Consumers are becoming more comfortable with disclosing their credit card
information to counterparties either over the phone or on-line. Part of this reason is the
explosion of websites such as Amazon and eBay. The convenience of these websites
hinges on the ability to make instant payment for the goods. The other reason consumers
have become more comfortable using their credit cards in this manner is the protection
that card issuers have given consumers against fraudulent purchases. In our industry, it is
common for a consumer to purchase parts or other merchandise, for example, over the
telephone or on websites like eBay. More and more, consumers are also using credit
cards to secure availability of a particular vehicle or finance approval without physically
visiting the dealership.

However, as you are aware from years of experience dealing with the credit card
companies, the relationship the credit card company looks to protect is that with the
consumer, and not necessarily your business. Businesses see accepting credit cards to
pay for purchases by consumers as a necessary evil in a modern world focused on
convenience and fluid transactions. As you evaluate ways to make transactions more
convenient for the consumer, remember to analyze your processes for handling credit
card payments. Failing to take simple steps can leave your business facing costly
chargebacks.

You create potential liability for your business when you accept payment by
credit card when the credit card is not present. An example of this type of transaction,
called a “Card not Present” or “MOTO” transaction is a consumer that authorizes the
dealership to charge his or her credit card over the phone to submit a down payment or
deposit on a vehicle. Another example is a consumer that orders a part from your parts
department and pays for it over the phone, using a credit card. In both instances,
employees often fail to have the consumer sign the slip if or when the consumer
eventually visits the dealership. Perhaps unbeknownst to you when you consummated
your merchant agreement, your business agreed to warrant the legitimacy of the
cardholder and the transaction to the bank that issued the card. If the consumer later
claims that the Card Not Present/MOTO transaction was unauthorized, the bank can
charge back the transaction. Because you do not have the consumer’s signature on the
payment slip, you will likely lose in these kinds of disputes.
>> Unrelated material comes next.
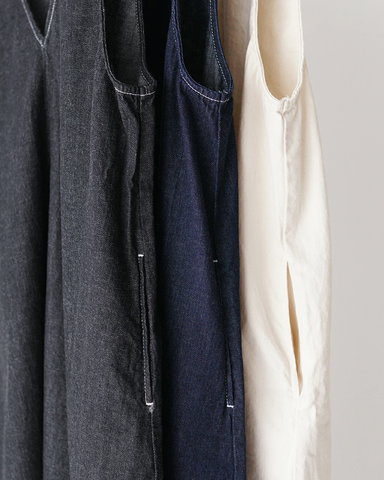 インナー次第で印象を変えられる、Vネックデザインが魅力のジャンパースカートです。顔まわりをすっきり見せる深めのVラインと、広めのアームホールで、レイヤードのアレンジがしやすい一着です。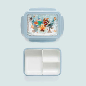 BEAU by Bo Petit Monkey Back to School set - Bentobox + Snackdozen + Drinkfles Woodland/Bonfire - Stone Blue/Animals

The credit card industry is experimenting with services that will address some of
this liability as it relates to on-line sales. In the meantime, here are some processes you
can implement to help protect your dealership when conducting potential Card Not
Present/MOTO transactions:

1.  Ask the consumer for the Card Verification Value 2 (“CVV”) printed on the card.
Usually, this three-digit sequence is printed either on the front or back of the card,
near the card number or signature. If a criminal stole the credit card number,
but does not have physical possession of the card itself, this will thwart many
fraudulent transactions. Ask your website provider to help create a form on your
webpage, if you accept credit card payments there, that captures the CVV and
stores it securely. If you store the CVV somewhere, make sure your processes
comply with the law, such as the Red Flags Rules.

2.  Have the consumer provide his or her billing address, and do not ship goods
to any address but the billing address. For a fee, Visa or Mastercard provide a
service where you can verify the billing address. Consider obtaining this service
as an extra safeguard.

3.  Have the consumer sign for the product at the time and place of deliver, whether
that place is your dealership or the shipping address. If the consumer claims that
he or she never received the goods, this should firmly rebut that statement.
For sales of vehicles, cancel the previous charge taken over the phone and run the
transaction again in the presence of the consumer. Have the consumer sign the
credit card slip and retain this in your records. When doing so, make sure to have
the permission of the bank financing the consumer’s transaction, allowing you
to accept a credit card transaction for a down payment. Many banks agreements
expressly prohibit this practice and those that allow it often require prior notice.